However, the main channel of malware distribution is Google Play Store (Cimpanu, Threat Fabric, nccgroup) where inconspicuous “dropper” apps are uploaded. Threat actors disguise these malicious apps as genuine apps, with functionalities such as document scanners or QR code scanners; these apps may even operate as expected. Once the dropper app is downloaded and run by the unsuspecting user, the malware will be unpacked and loaded onto the device. With the app installed, threat actors can then remotely download additional modules from the malware campaign server.
Malware “dropper” app on Google Play Store (source: Threat Fabric via Bleeping Computer)
Attack methods
The main attack methods observed in the analyzed samples are briefly described below.

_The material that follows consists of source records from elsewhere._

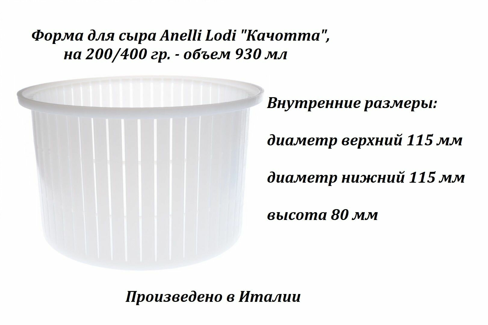 Форма для сыра Anelli Lodi "Качотта", на 200/400 гр. - объем 930 мл интересное: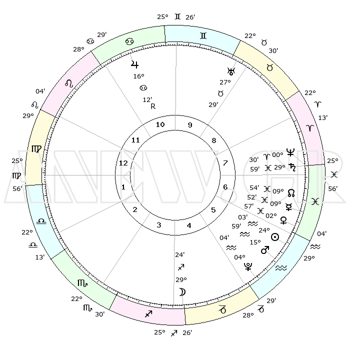 | | ΘΕΣΕΙΣ ΠΛΑΝΗΤΩΝ ΑΣΤΡΟΛΟΓΙΚΟΥ ΧΑΡΤΗ ΤΗΣ ΣΤΙΓΜΗΣ ΑΥΤΗΣ | | | | Πλανήτης | Ζώδιο | Μοίρες | Δεκαήμ. | Σε οίκο | Απόκλιση | | Ακμές των οίκων | | Ηλιος | Υδροχόος | 23°58' | Τρίτο | 6 | 13 S 32 | | 1ος | 01°05' | Παρθένος | | Σελήνη | Τοξότης | 28°23' | Τρίτο | 4 | 28 S 23 | | 2ος | 25°03' | Παρθένος | | Ερμής | Ιχθείς | 09°44' | Πρώτο | 7 | 08 S 19 | | 3ος | 23°49' | Ζυγός | | Αφροδίτη | Ιχθείς | 02°50' | Πρώτο | 7 | 11 S 49 | | 4ος | 26°45' | Σκορπιός | | Αρης | Υδροχόος | 15°54' | Δεύτερο | 6 | 17 S 05 | | 5ος | 00°52' | Αιγόκερως | | Δίας | Καρκίνος | 16°13'R | Δεύτερο | 11 | 22 N 46 | | 6ος | 02°44' | Υδροχόος | | Κρόνος | Ιχθείς | 29°58' | Τρίτο | 8 | 01 S 59 | | 7ος | 01°05' | Ιχθείς | | Ουρανός | Ταύρος | 27°29' | Τρίτο | 10 | 19 N 25 | | 8ος | 25°03' | Ιχθείς | | Ποσειδώνας | Κριός | 00°30' | Πρώτο | 8 | 01 S 00 | | 9ος | 23°49' | Κριός | | Πλούτωνας | Υδροχόος | 04°04' | Πρώτο | 6 | 22 S 57 | | 10ος | 26°45' | Ταύρος | | Β. Δεσμός | Ιχθείς | 09°55' | Πρώτο | 7 | 07 S 51 | | 11ος | 00°52' | Καρκίνος | | Ωροσκόπος | Παρθένος | 01°05' | Πρώτο | | | 12ος | 02°44' | Λέων | | Μεσουράνημα | Ταύρος | 26°45' | Τρίτο | | | |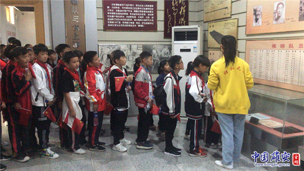 孩子們?cè)诎籽蟮硌泗彡?duì)紀(jì)念館門(mén)口合影留念。中國(guó)雄安官網(wǎng)發(fā)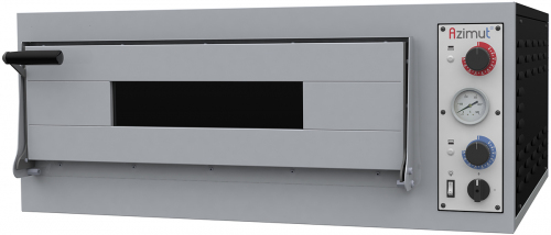 Печь для пиццы Azimut NEVO 4 однокамерная электрическая c электромеханическим управлением имеет подсветку, аналоговый термометр, независимое управление верхним и нижним ТЭНами, под камеры из огнеупорного камня, корпус из оцинкованной крашеной стали чёрного цвета, лицевую часть из нержавеющей стали.
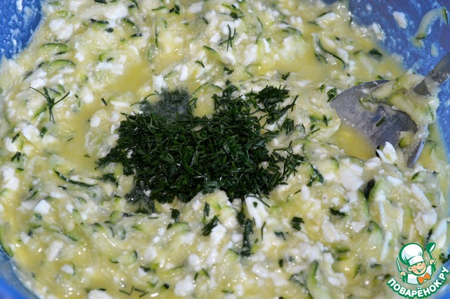 Приправить кабачки перцем, добавить рубленный укроп и муку. Перемешать, если нужно, подсолить. -
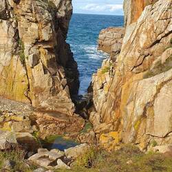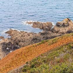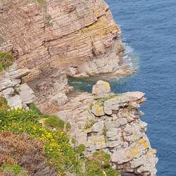Die Klippen des Cap Frehel bestehen aus rötlichem Sandstein, schwarzem Schiefer und dem von der Cotè de Granit Rose berühmten rosa-farbenen Granit. Sie fallen steil zum Wasser hin ab und haben eine Höhe von bis zu 70 m. Die Wiesen, die das Kliffdach bedecken, haben auch jetzt im Herbst noch einen besonderen Reiz. Hier wachsen Stechgingster und Heidekraut.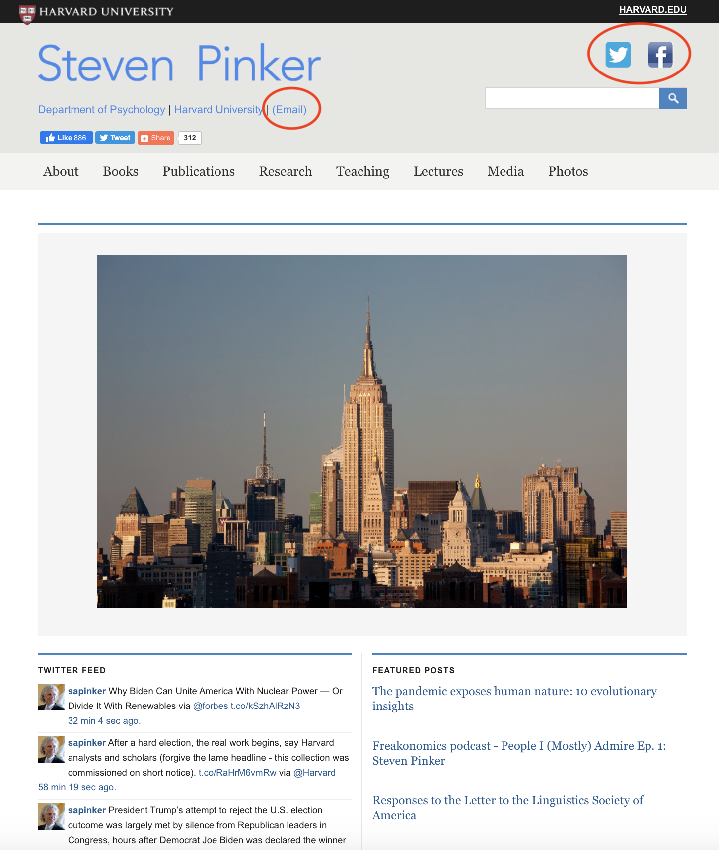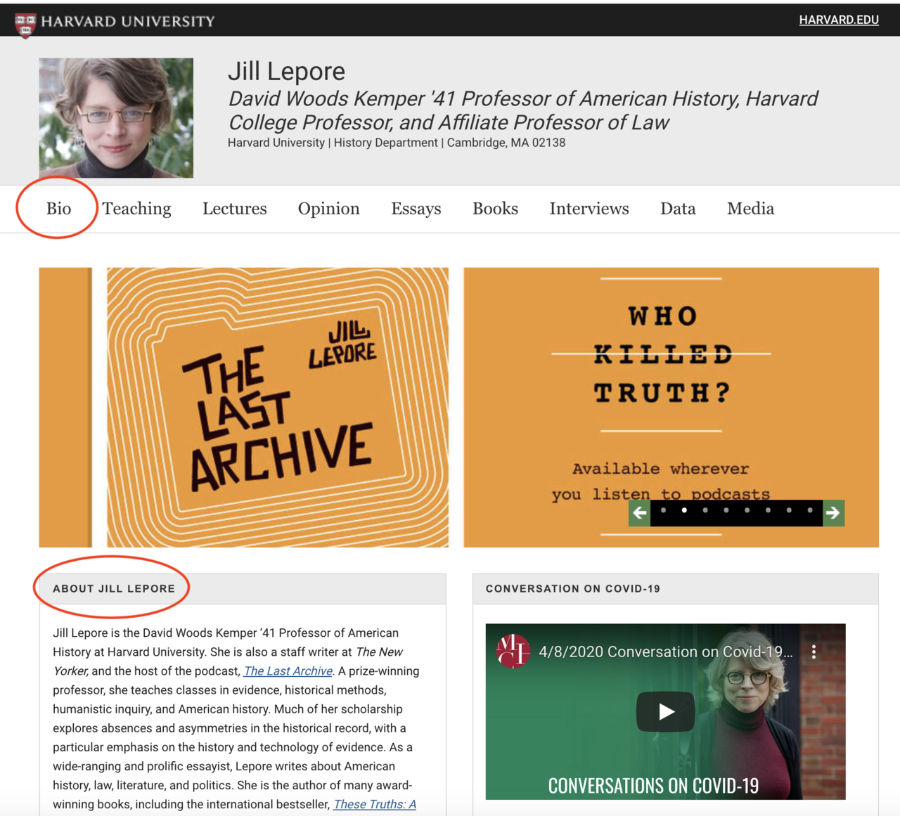 Most university faculty have a page within their institution’s website. These pages typically contain basic information including a headshot, short bio, department and contact information.
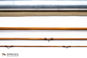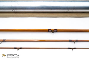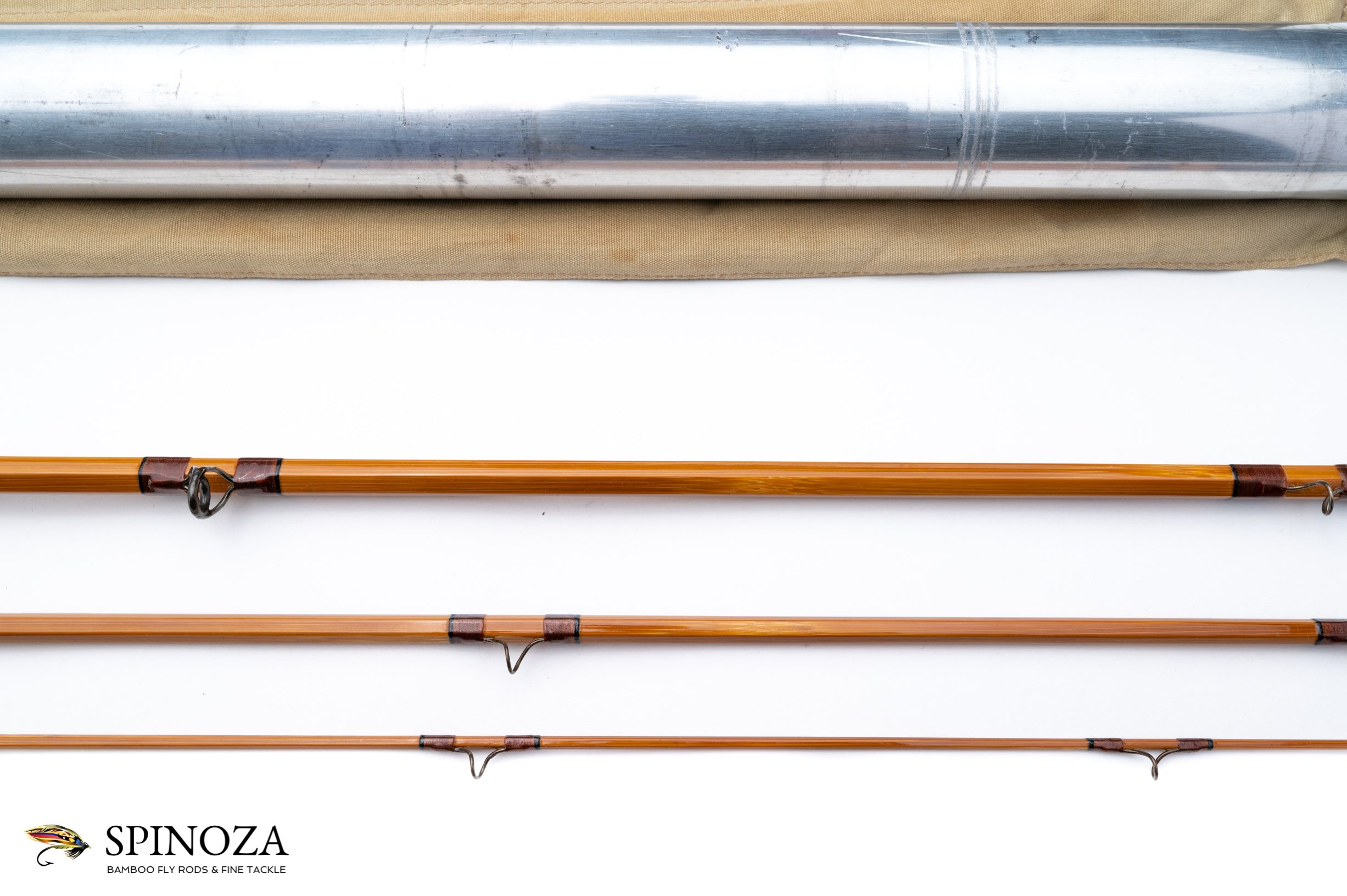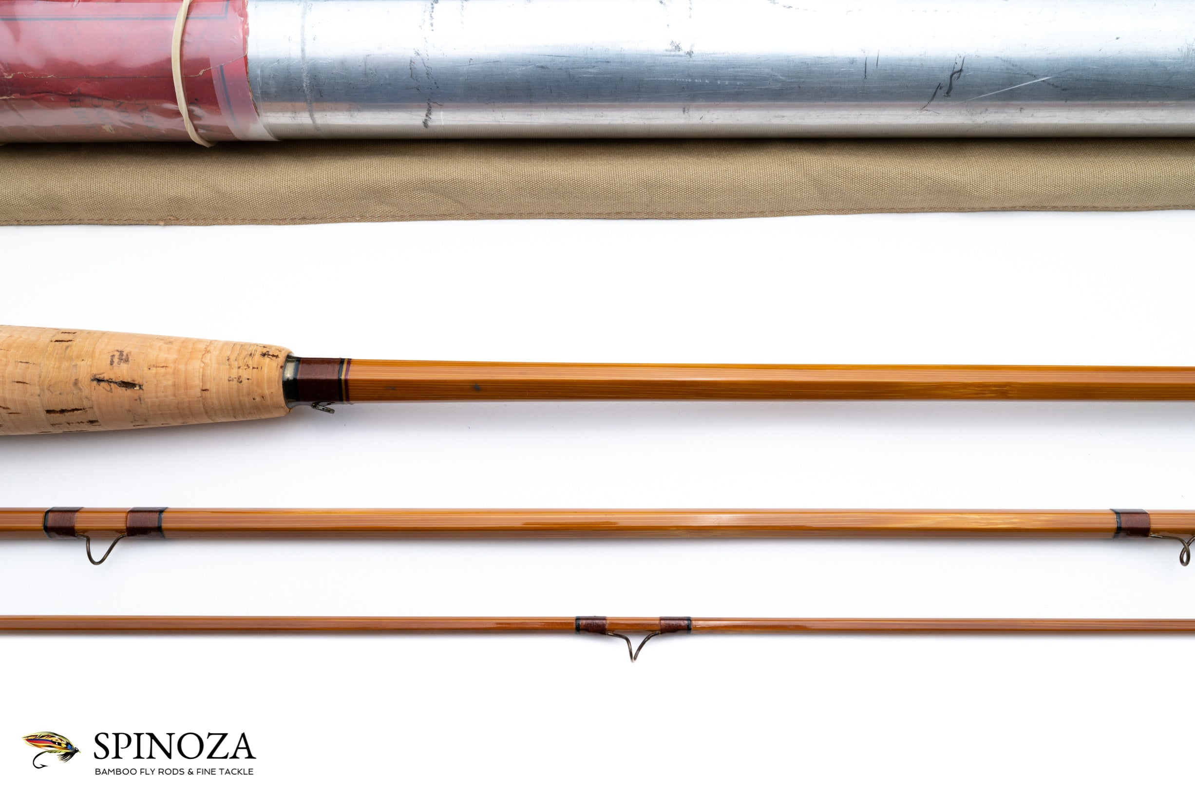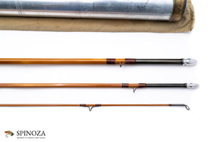 An EF Payne Model 205 bamboo fly rod, 8'6", 3-piece, 1-tip, and built for a #6 or #7 line. Weighs 4.9 ounces. Very light use the rod is straight and the ferrules are tight. No soiling of the grip. There are some cosmetic casting cracks at the ferrule wraps. A "Made for Abercrombie and Fitch" stamp indicates a manufacture date of 1963 or later. Perfection stripper and finial ferrule plugs. The action is on the quicker side. My guess is that this rod was made as a one tip rod which was more common when sold through Abercombie exclusively. The varnish is superb and flawless. The main wraps are brown with black edges with yellow and maroon tipping at the keeper and male ferrules. The step ferrules are oxidized jet black with the aformentioned finial ferrule plugs. The stripping guide is a #10 Perfection with black snakes the rest of the way. The grip is 6" long and shaped to a western profile with a hidden pocket cap. The rod has a Spanish cedar spacer and aluminum uplocking screwlock hardware. The hardware has "Payne" stamped in a cartouche and under that "Reg US Pat Off" and on the reverse "Made for Abercrombie and Fitch Co". The rod packs into an olive poplin bag with the original hang tag. The tube is also original and has a gray felt insert in the brass tube top. Both the green and red A&F labels on the tube are 80-90% intact.

Accessibility services abuse
Accessibility services are a set of native features on the Android OS developed to assist and enhance the experience of users with disabilities. However, our research shows these powerful features can be abused to introduce critical security risks. For instance, the important application sandbox principle is broken from the moment that a specific app has the ability to interfere with the UI of other apps. As we could expect, malware developers are well aware of, and taking advantage of, the newly available possibilities for exploitation.
Malicious accessibility services work by inspecting the events generated on the device, which allows them to track which application is being executed at any moment, what text is being entered, and what the screen layout looks like. We have seen this information being used in three distinct ways:
- Triggering actions at a specific moment, e.g. when a particular view is shown on the screen.
- Capturing sensitive information (keyloggers).
- Performing a number of actions without the user's knowledge or consent. Namely, self-granting permissions or elevating privileges to become a device admin app; as well as obstructing any action from the user that could threaten the malware’s operation, such as permission or privilege revocation, uninstallation, etc.
UI injections
Banking trojan apps are frequently capable of displaying, on top of a target application, a layer that mimics its login screen. This type of malware usually synchronizes with a server to download layout replicas of legitimate apps that are installed on the same device. These replicas are usually known as “injections'' or “injects”. This malware then constantly tracks which application is being executed, and whenever it detects one of its targets, an overlay (e.g., a login screen) is drawn at the right moment. An example is shown below. When the user enters their credit card information, it is actually being entered on the layer controlled by the malware and is subsequently stolen by the malicious actor. More information about this threat and defense mechanisms is provided in this blog post.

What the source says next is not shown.